(Records to process begins)

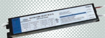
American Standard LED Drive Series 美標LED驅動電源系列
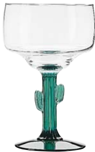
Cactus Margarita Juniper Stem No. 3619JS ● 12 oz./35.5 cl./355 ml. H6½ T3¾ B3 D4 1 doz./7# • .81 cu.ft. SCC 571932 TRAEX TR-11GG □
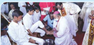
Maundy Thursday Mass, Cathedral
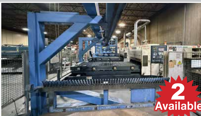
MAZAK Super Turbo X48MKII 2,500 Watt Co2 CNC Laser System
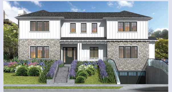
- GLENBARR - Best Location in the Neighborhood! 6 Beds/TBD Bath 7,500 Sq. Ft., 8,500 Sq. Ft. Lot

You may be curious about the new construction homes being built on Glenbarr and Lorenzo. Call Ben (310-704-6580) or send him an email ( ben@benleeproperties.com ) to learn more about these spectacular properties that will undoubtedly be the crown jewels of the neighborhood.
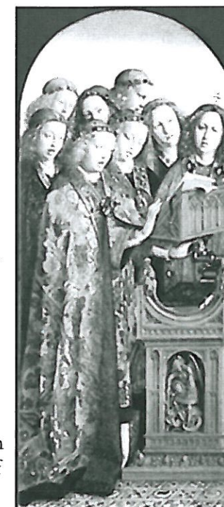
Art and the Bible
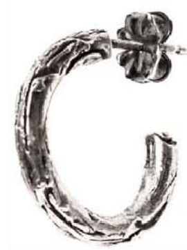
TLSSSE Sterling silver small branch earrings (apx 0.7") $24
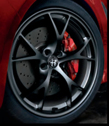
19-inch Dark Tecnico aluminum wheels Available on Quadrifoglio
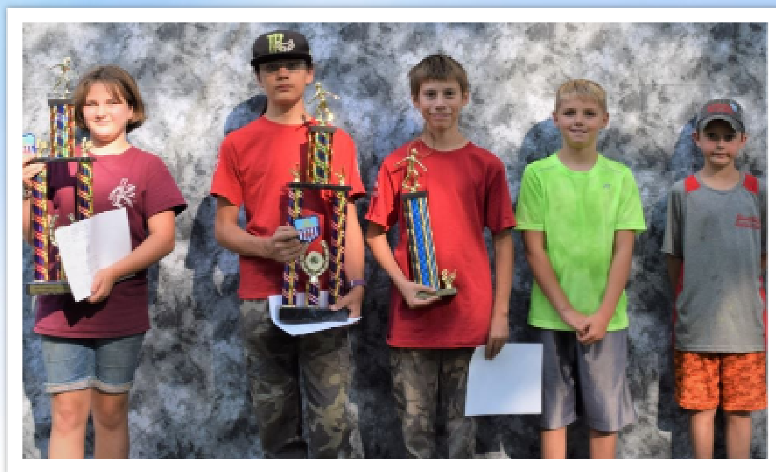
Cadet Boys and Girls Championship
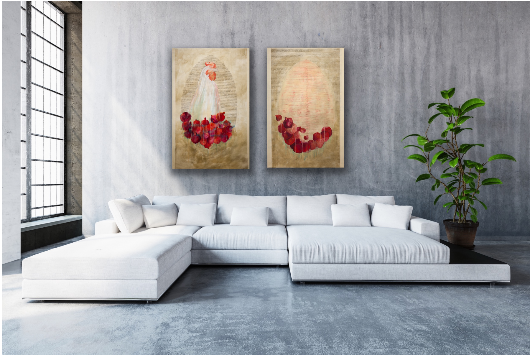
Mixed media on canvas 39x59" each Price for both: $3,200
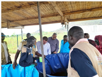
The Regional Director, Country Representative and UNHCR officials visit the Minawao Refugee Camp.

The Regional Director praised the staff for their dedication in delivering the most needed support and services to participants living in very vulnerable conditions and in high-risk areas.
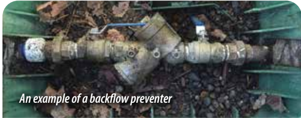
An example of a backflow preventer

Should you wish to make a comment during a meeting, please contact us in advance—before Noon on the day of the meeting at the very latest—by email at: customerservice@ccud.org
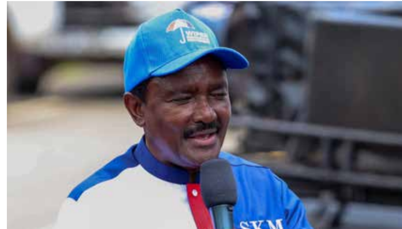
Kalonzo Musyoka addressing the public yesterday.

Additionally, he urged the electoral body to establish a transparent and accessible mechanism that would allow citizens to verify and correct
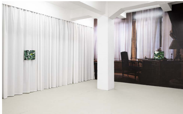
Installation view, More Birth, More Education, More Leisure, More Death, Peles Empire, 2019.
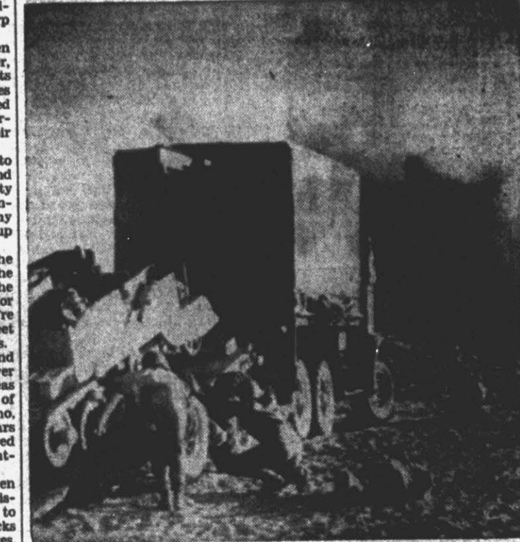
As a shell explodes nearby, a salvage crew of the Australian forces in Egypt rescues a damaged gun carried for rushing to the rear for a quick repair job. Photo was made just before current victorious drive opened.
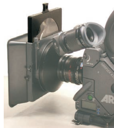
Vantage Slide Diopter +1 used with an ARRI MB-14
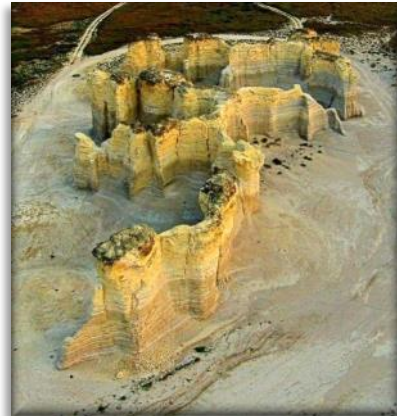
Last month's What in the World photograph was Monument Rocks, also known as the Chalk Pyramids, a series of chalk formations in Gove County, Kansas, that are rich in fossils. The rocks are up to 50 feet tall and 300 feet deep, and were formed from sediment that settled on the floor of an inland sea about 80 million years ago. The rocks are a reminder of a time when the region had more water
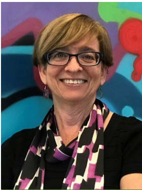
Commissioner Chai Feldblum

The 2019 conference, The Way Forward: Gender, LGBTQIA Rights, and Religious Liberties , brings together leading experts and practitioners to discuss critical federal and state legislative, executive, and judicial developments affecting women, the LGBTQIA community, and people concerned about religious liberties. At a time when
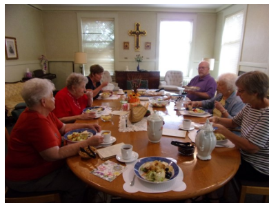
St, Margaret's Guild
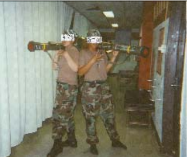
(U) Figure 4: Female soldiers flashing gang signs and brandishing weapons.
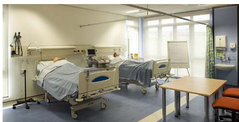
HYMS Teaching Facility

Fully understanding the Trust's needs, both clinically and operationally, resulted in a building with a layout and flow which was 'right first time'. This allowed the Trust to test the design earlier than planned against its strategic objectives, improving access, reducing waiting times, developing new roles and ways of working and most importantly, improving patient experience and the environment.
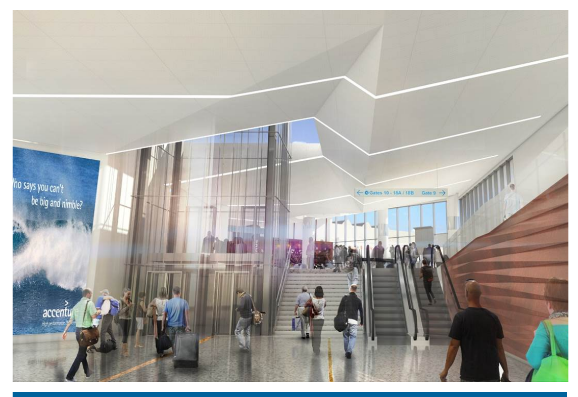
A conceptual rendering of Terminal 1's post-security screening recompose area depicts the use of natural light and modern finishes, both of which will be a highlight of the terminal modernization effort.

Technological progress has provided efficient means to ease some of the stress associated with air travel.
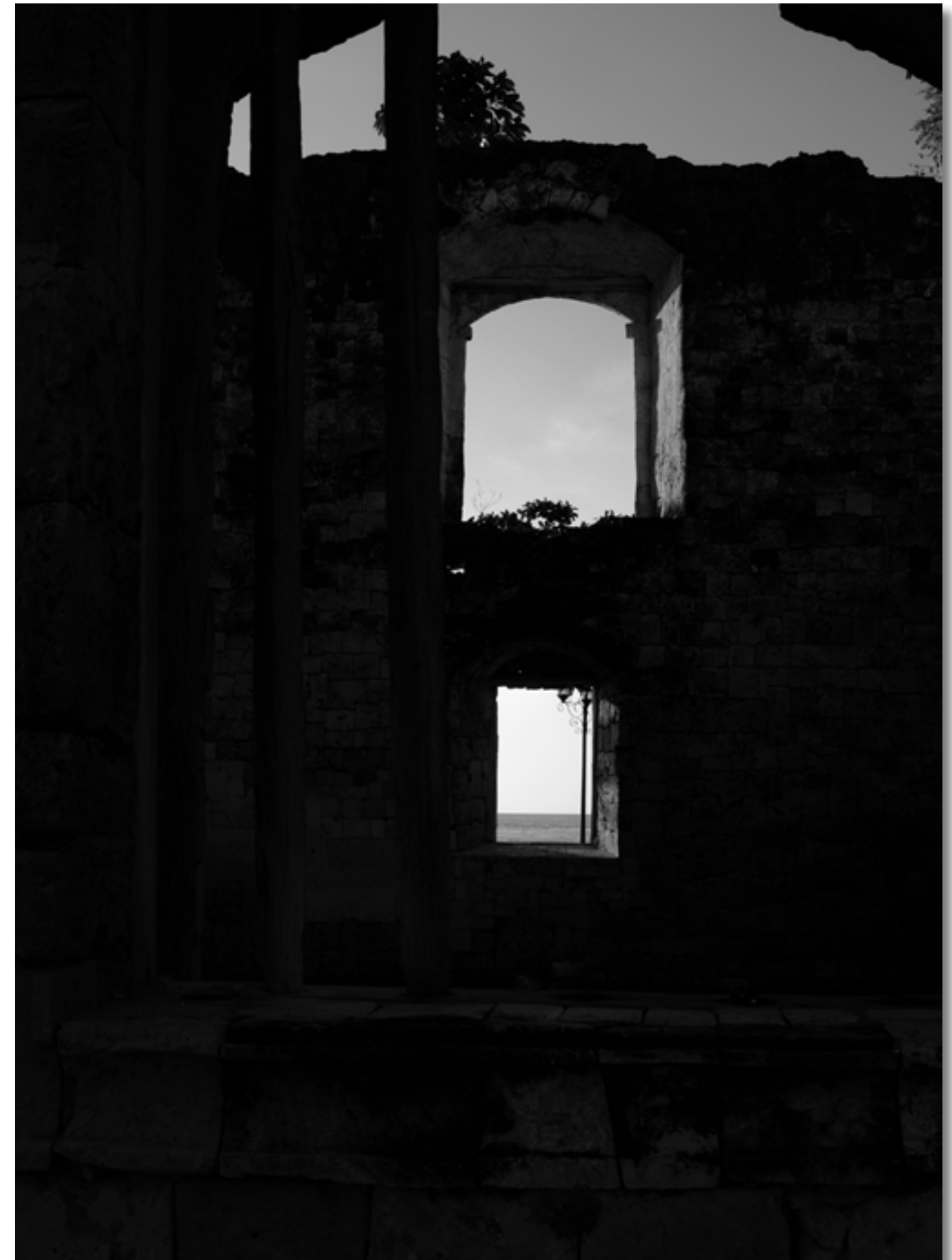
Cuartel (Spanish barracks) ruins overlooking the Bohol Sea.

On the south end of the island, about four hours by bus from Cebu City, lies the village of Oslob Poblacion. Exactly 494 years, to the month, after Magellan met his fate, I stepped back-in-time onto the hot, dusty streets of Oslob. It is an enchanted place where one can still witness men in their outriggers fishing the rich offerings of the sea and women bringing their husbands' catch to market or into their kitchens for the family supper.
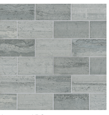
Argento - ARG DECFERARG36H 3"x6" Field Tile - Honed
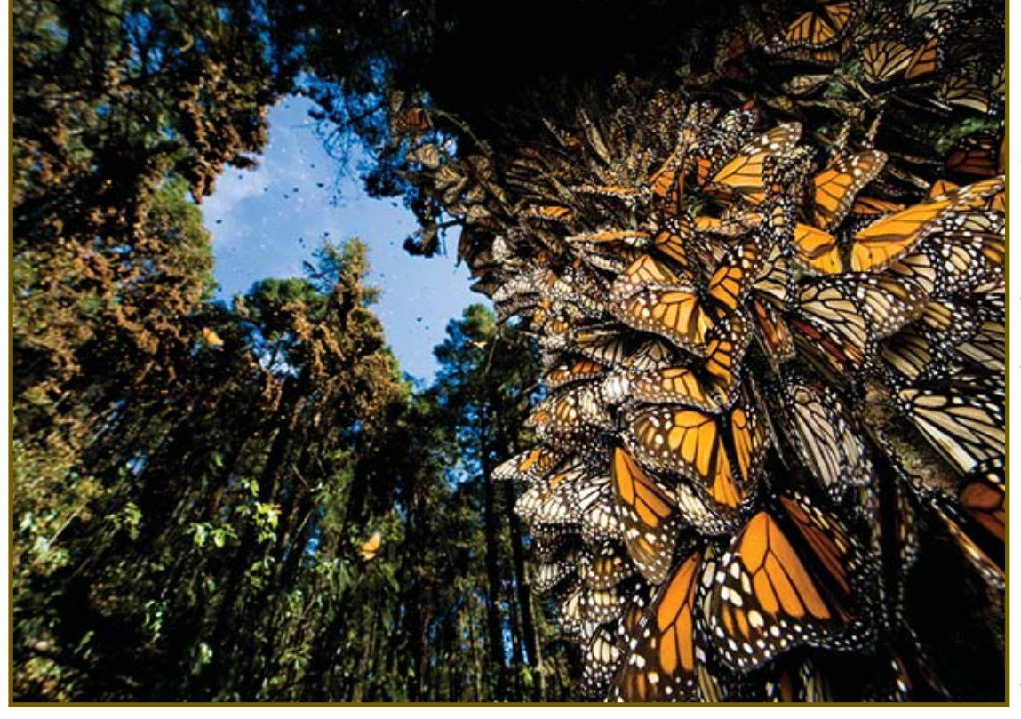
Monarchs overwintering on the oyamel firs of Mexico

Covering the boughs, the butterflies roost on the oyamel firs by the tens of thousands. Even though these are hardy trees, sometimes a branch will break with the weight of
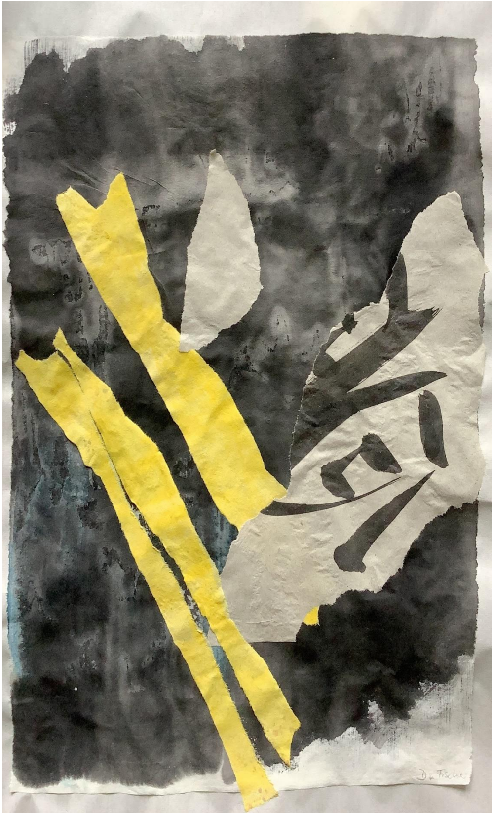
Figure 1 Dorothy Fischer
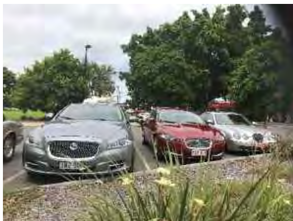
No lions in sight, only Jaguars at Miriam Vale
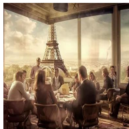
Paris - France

(Records to process ends)

Your goal. Retype the lines from the one containing "Monarchs overwintering on" down to the last line of the records, both included, exactly and nothing more. Pictures stay out.

Written response.
Monarchs overwintering on the oyamel firs of Mexico

Covering the boughs, the butterflies roost on the oyamel firs by the tens of thousands. Even though these are hardy trees, sometimes a branch will break with the weight of
Figure 1 Dorothy Fischer
No lions in sight, only Jaguars at Miriam Vale
Paris - France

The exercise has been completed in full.